> [TASK]:
Using the listing below, please print exactly the lines from the one with "En la colonia" through the one with "Armário de remédios". Leave out every picture.

> [RECORDS TO PROCESS]:

>>>

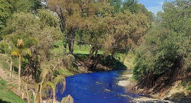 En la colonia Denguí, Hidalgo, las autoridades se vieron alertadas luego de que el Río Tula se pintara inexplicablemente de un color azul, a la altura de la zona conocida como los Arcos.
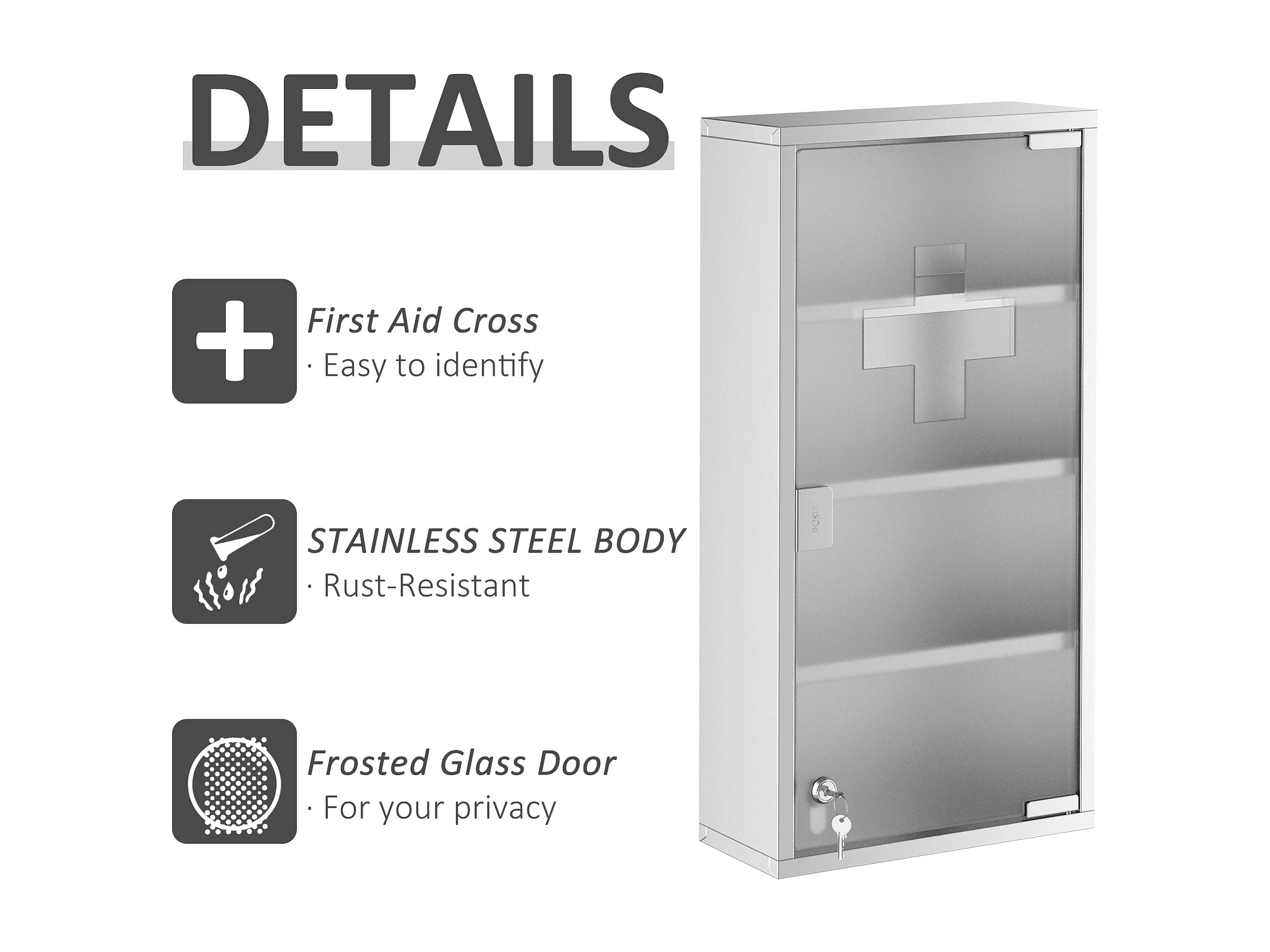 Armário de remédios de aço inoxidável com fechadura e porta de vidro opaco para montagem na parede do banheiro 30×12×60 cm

<<<
>>>

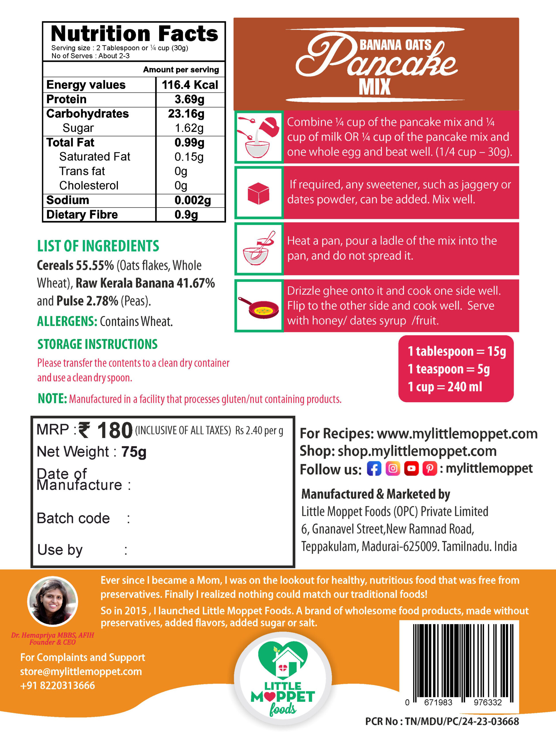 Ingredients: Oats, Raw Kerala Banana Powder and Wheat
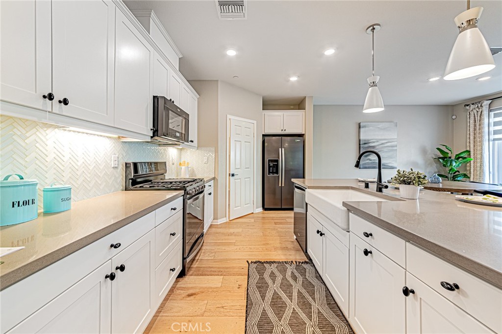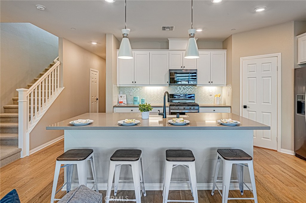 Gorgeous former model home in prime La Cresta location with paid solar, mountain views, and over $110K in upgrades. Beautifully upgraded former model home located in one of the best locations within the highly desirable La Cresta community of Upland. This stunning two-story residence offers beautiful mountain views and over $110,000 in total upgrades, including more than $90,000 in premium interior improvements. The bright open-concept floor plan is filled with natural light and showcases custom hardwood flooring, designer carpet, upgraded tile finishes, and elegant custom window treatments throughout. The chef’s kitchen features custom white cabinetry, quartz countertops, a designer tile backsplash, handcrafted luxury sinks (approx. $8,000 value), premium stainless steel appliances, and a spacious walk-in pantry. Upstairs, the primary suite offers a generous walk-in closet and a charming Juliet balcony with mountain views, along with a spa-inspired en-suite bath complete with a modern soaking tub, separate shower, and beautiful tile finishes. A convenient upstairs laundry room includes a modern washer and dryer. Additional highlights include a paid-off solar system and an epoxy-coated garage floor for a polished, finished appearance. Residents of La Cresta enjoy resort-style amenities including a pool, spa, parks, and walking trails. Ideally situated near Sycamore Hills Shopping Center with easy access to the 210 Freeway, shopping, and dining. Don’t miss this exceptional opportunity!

<<<
>>>

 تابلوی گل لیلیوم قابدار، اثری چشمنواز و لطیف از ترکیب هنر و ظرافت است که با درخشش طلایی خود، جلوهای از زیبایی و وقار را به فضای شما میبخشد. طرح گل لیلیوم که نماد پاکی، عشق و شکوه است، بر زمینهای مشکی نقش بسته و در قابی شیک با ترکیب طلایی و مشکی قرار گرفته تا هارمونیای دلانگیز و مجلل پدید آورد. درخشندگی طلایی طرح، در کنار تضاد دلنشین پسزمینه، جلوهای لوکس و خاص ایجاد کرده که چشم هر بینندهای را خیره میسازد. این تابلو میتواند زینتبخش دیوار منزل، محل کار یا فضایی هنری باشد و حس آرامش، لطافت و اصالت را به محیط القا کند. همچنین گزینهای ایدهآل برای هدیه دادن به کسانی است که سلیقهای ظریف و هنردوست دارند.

<<<

> [YOUR SOLUTION]:
 En la colonia Denguí, Hidalgo, las autoridades se vieron alertadas luego de que el Río Tula se pintara inexplicablemente de un color azul, a la altura de la zona conocida como los Arcos.
 Armário de remédios de aço inoxidável com fechadura e porta de vidro opaco para montagem na parede do banheiro 30×12×60 cm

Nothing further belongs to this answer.